Итак, коврика нет, зато есть комнатный рояль, возле которого он только что приземлился. Эта дореволюционная рухлядь задвинута в угол до упора, и тем не менее занимает почти половину площади комнаты.

Стены, как и потолок, не штукатурены, сложены из потемневших во времени, блестящих, как стекло, лиственных брёвен. Рояль неисправен, но если поднатужиться и открыть заклинившую крышку над клавиатурой, с обратной стороны можно разглядеть медную табличку фирмы «Шрёдер». Да-с, вот собственный комнатный рояль, просим любить и жаловать. Опять же нет комнатных тапочек.

После четырнадцати лет детдома, трёх — интерната и почти пятнадцатилетнего обитания по общежитиям всё имущество удалось запихнуть в два не очень больших чемодана, которые нынче сиротливо прячутся под роялем. Тапочки упустил из вида. Когда опомнился и побежал за ними вприскочку, оказалось слишком поздно: стоптанная пара обиделась, ушлёпав невесть куда длинными коридорами университетского общежития.
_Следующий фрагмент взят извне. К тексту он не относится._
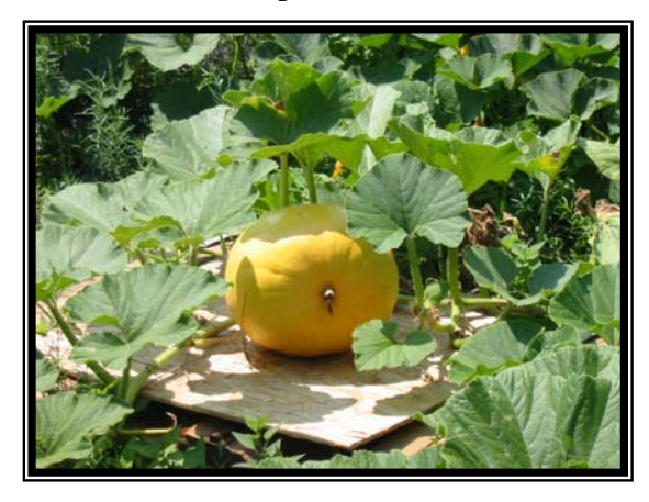
The pumpkins were already large in July

Late summer is a great time to be on the farm. Fresh produce greets you upon returning from a weekend in the sun. The schoolhouse garden project is moving along quite well. The first cob of corn was picked in mid summer and tomatoes are coming on strong. The plums in the orchard on the farm were ready in early August and apples and pears are not far behind. There will be plenty to see and taste when the students return in September.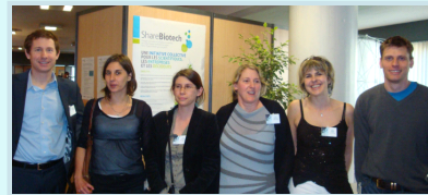
ShareBiotech partners in Gen2Bio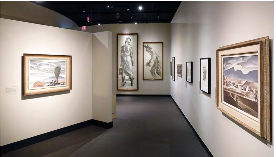
The exhibition on El Paso artist Tom Lea included works of art from over 20 collections.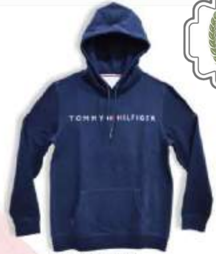
Ref No: TH-EE-M-0573 Brand: Tommy Hilfiger Fabric: Top peached & Brushed fleece Composition: 60%BCI CTN 40%Poly GSM: 300 GSM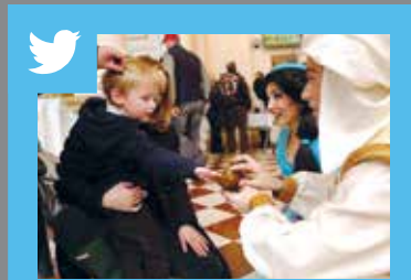
Trey Grayson @KYTrey APR 28

The arts create a vibrant regional economy & a more connected #Cincy & #NKY. Please #Give2ArtsWave if you haven't yet http://bit.ly/ArtsWave15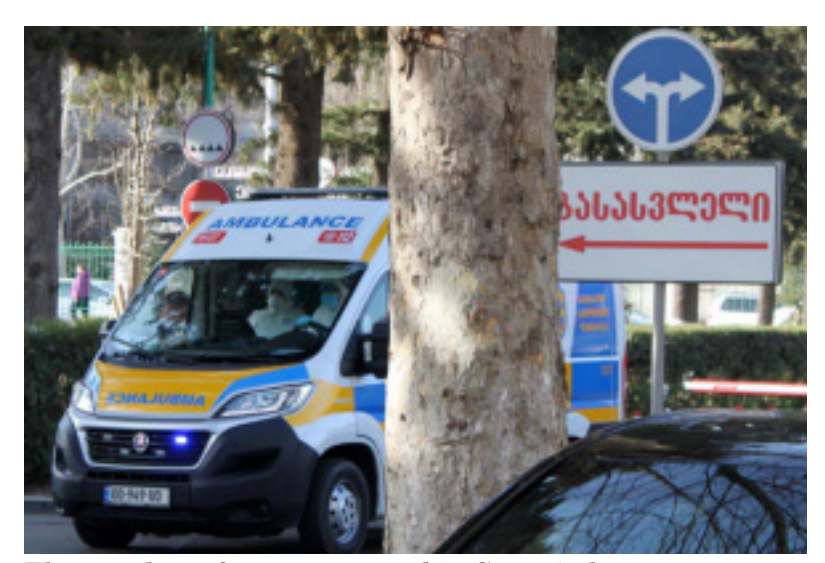
The number of cases reported in Georgia has succeeded 695.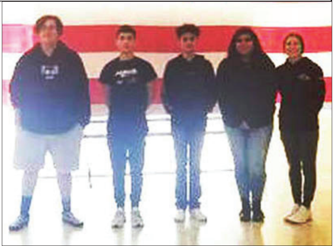
ADVANCE TO STATE: Five members of the “Pride of Wheeler” Band advanced to State. On October 22, the Wheeler Band participated in Area U.I.L. competition. These five students advanced to the state competition.

Donate to the . . . Wheeler Historical Museum through “Panhandle Gives” See Page 4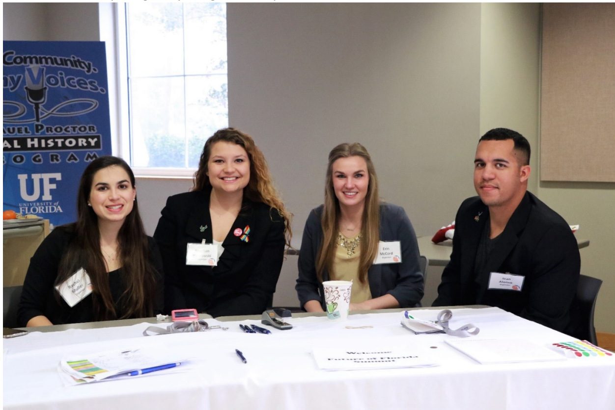
Members of the Future of Florida Summit student organizing committee

Our student-run Future of Florida Summit calls upon the most engaged student leaders from public and private universities across the state to immerse themselves in a key challenge facing Florida and propose policy solutions. Along the way students learn everything from how to capture the attention of busy lawmakers to composing compelling testimony.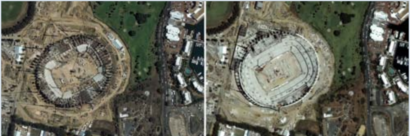
Capetown, South Africa March 5, 2008

valuable in understanding and reacting to change. WorldView-2's 8 spectral bands, 46 cm* panchromatic and 1.8 m multispectral resolution are able to reveal significantly more detail in the spectral changes of small ground features. Measuring the changes in road conditions, or the health of plants over an underground gas pipeline or the new location of a sandbar requires sensitivity that only WorldView-2 can provide. Increased sensitivity, however, is only part of the story. With WorldView-2's immense collection capacity and rapid revisit capabilities, large areas can be repeatedly imaged, providing the data necessary to conduct automated change detection.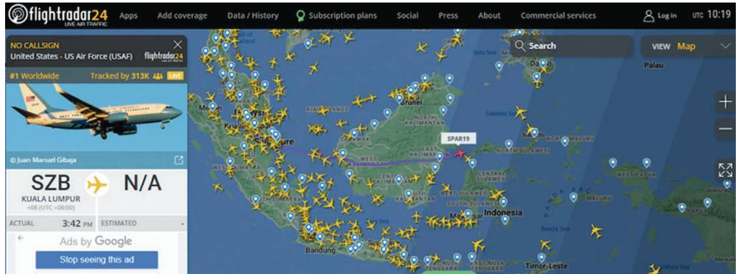
SPAR19 — a U.S. Air Force plane carrying House Speaker Nancy Pelosi from Malaysia to Taiwan, as seen on a Flightradar24 map.

Words and treaties are one thing with U.S. imperialism, but deeds are another. The Indigenous Nations could attest to this.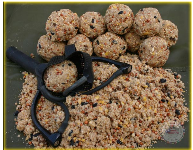
Mix-Balls & Catapult.

After I start getting bites and fish in the net and feel the carp are feeding and "elbowing" each other out of the way to get at my bait I reduce the method mix going in and occasionally spod/spoon/catapult some of the birdseed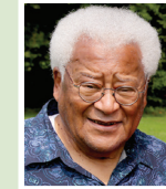
Rev. Jim Lawson Civil Rights Leader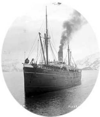
The steamer Oregon at Valdez.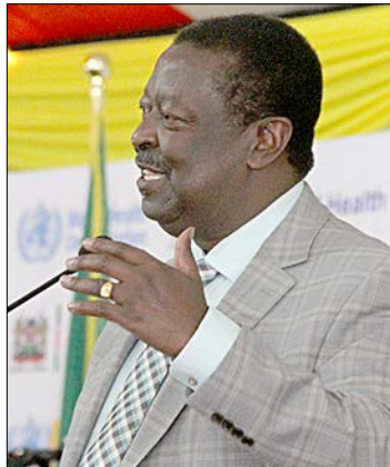
Prime Cabinet Secretary, Musalia Mudavadi speaking during World TB Day, Friday March 24, 2023, Huruma Grounds, Eldoret, Uasin Gishu County.

He urged healthcare service providers to consider doing prescriptions in Swahili language so that the common mwananchi may understand instructions to take medicine doses as prescribed.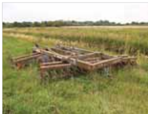
Parmiter Utah disc harrows Rear draw bar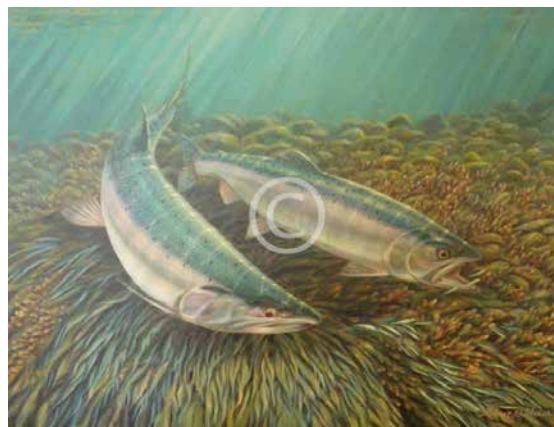
Nile Pinks by Bruce Muir is just one of the exquisite works featured on the new website as a fundraiser.

NCES members value thriving ecosystems in local streams, as well as the marine environment of the Strait of Georgia and the Salish Sea. They operate a hatchery for pink salmon. Other projects include bull kelp forest restoration, eelgrass mapping and monitoring, and public education.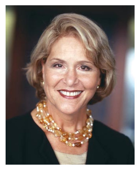
Rockefeller's Rodin: Let them eat tourism? Tourism was her idea of "development" for Africa.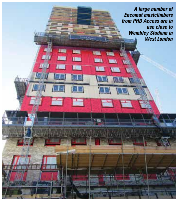
A large number of Encomat mastclimbers from PHD Access are in use close to Wembley Stadium in West London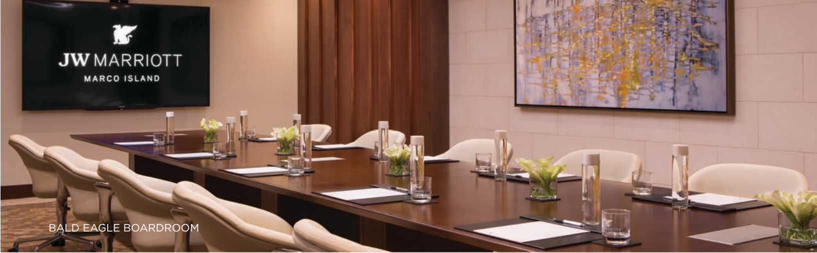
BALD EAGLE BOARDROOM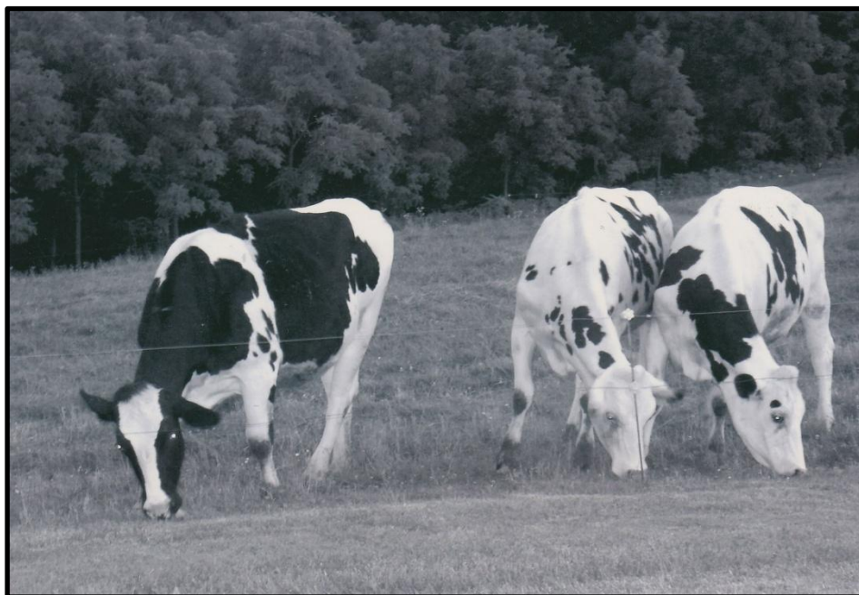
"Cows Grazing"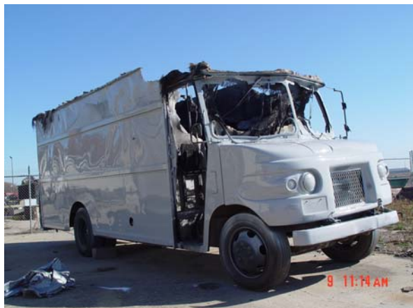
(November 2006 truck fire in Galesburg, IL)

DOT encourages and supports the safe recycling and disposal of used batteries. However, we take an aggressive approach to swiftly investigate and enforce the safety requirements in the HMR for complaints and transportation incidents such as the parcel carrier delivery truck battery incident in November 2006.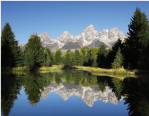
MAP Ultra Low VOC has less impact on the environment while providing superior performance.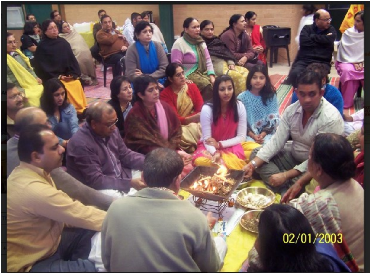
Havan Yagna at Hindu Heritage Society Puja Function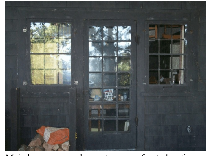
Main house - secondary entrance on front elevation.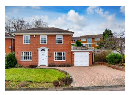
2 Heath House Drive, Wombourne, Wolverhampton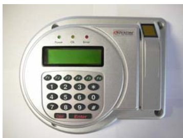
Finger Touch Bio-Metric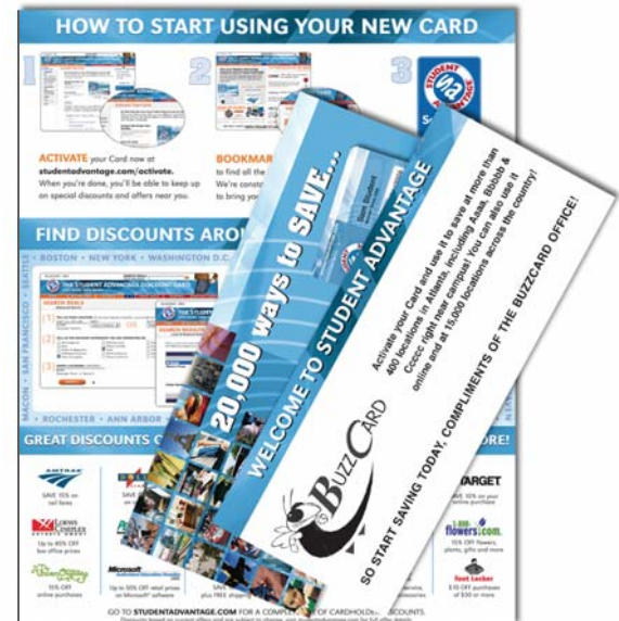
CUSTOMIZED FULFILLMENT KIT FOR BULK PURCHASE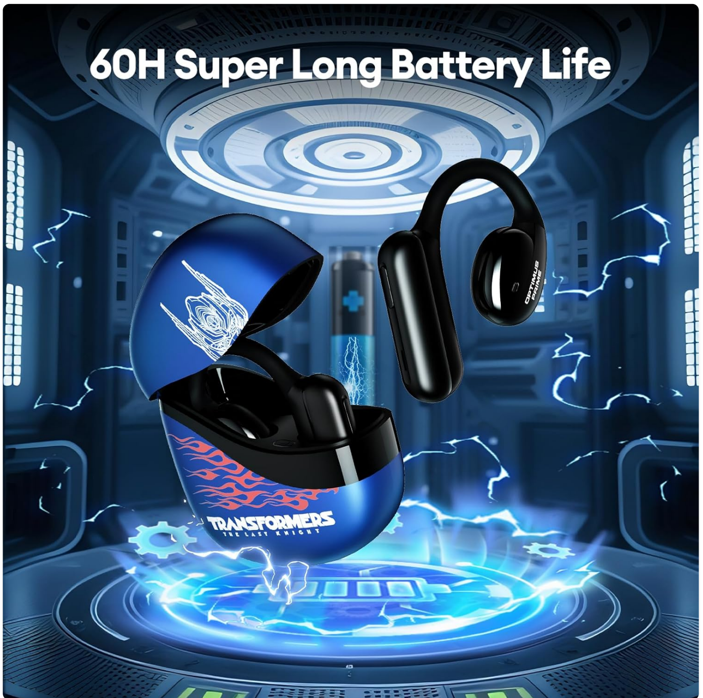
Figure 6: Charging the TF-T21 Headphones and Case.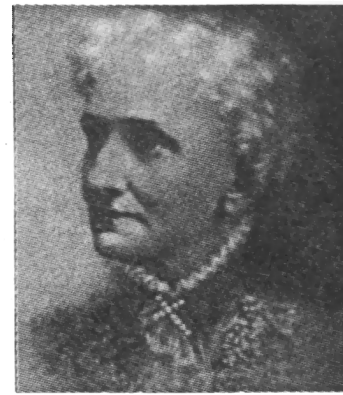
A HALF CENTURY OF CRUSADE ended when Mary Baker Eddy died in 1910. Her doctrine, that health is supplied by applying the preachings and healings of Christ, had spread throughout the world. The mother church was First Church of Christ, Scientist, of Boston.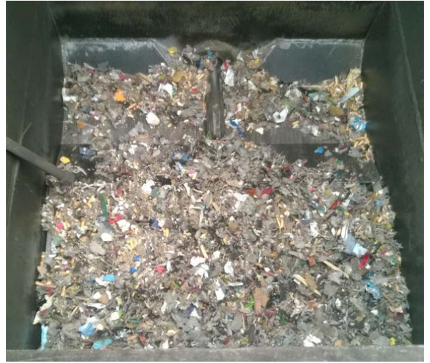
Fig. 6. Palozo II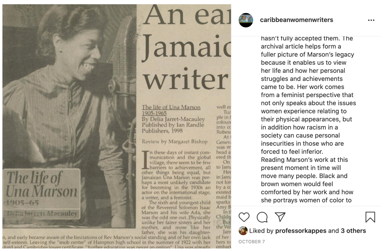
Fig. 3. Screenshot of student Instagram post of article "An early Jamaican writer" and commentary.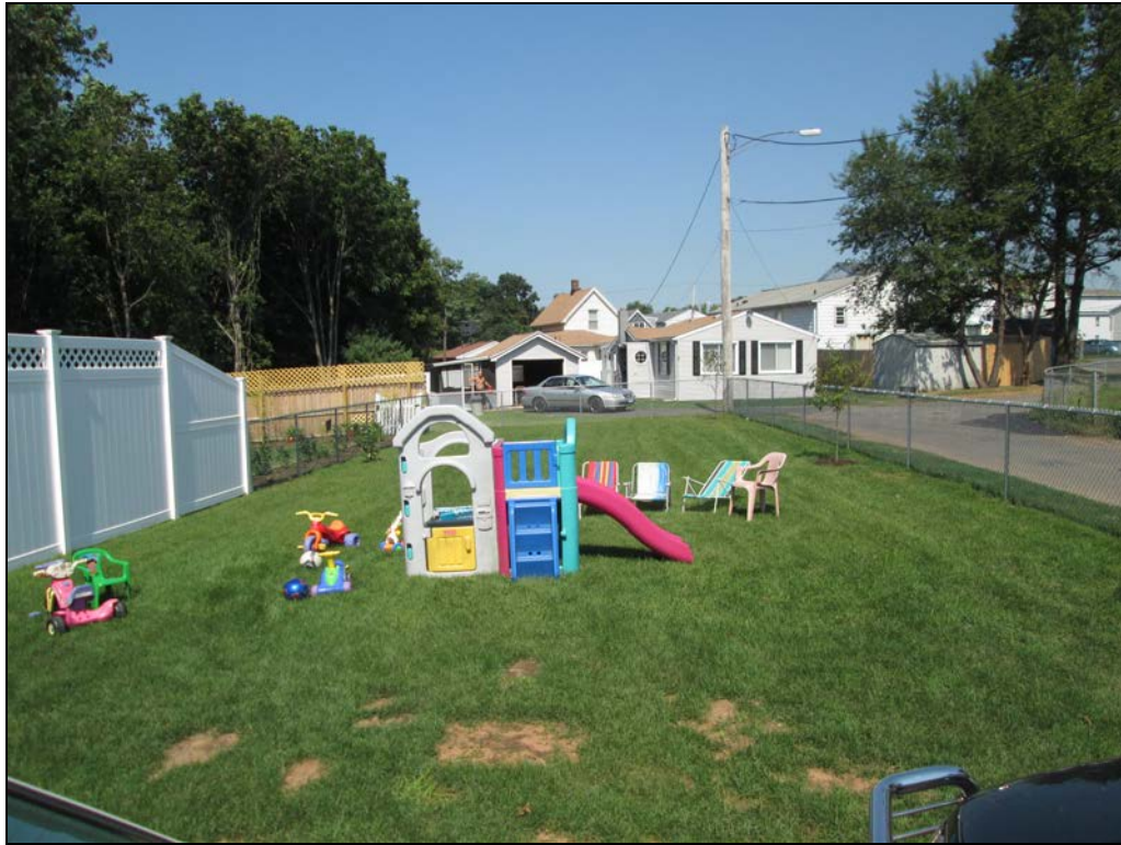
View looking north at restored back yard.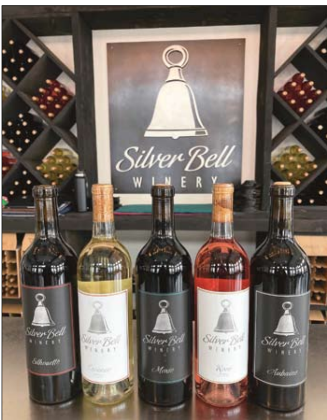
Silver Bell Winery currently has three red Bordeaux blends, a white Bordeaux, and a rosé. RIGHT: Silver Bell Winery is located at 21 Veroske Road.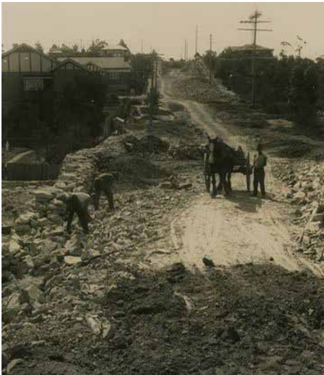
At left; Archbold Road being constructed. Thankfully its been upgraded.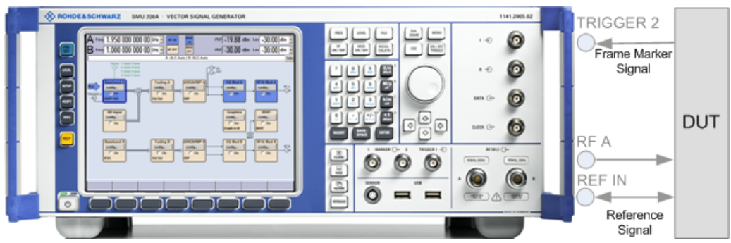
Fig. 1-1: Test Setup (example with R&S SMU)

Да бог с ними, с тапочками, просто чудо, что удалось купить этот домик. Виктор радуется и не может нарадоваться тишине и тому, что он здесь совершенно, абсолютно, невообразимо один!

Один! Один!! Наконец-то один!!!

Функцию тапочек исполняют каменные от древности кирзовые сапоги, похожие на ботфорты, с голенищами, сношенными в гармошку, доставшиеся в наследство от прежних хозяев. Он шаркает в них повсюду: по саду, на кухне, а часто проходит даже в комнаты.

Солнце проникло сквозь тёмные двойные рамы с пыльными, много лет не мытыми стёклами, ставшими от этого буро-зелёными, цвета жигулёвского бутылочного стекла. Создаётся неверное впечатление, будто погода на дворе пасмурная, на самом же деле сейчас, в шесть часов утра, уже очень жарко, на поляне перед домом благоухают цветы, а от зарослей черёмух, яблонь и сирени приятно тянет сыроватой ночной свежестью.

Наступившее утро представляет на выбор несколько вариантов деятельности: можно выйти сад и позагорать там часиков до десяти, благо именно в это время практически нет комаров, можно сделать физзарядку, или совместить и то, и другое, а можно просто сесть пить чай.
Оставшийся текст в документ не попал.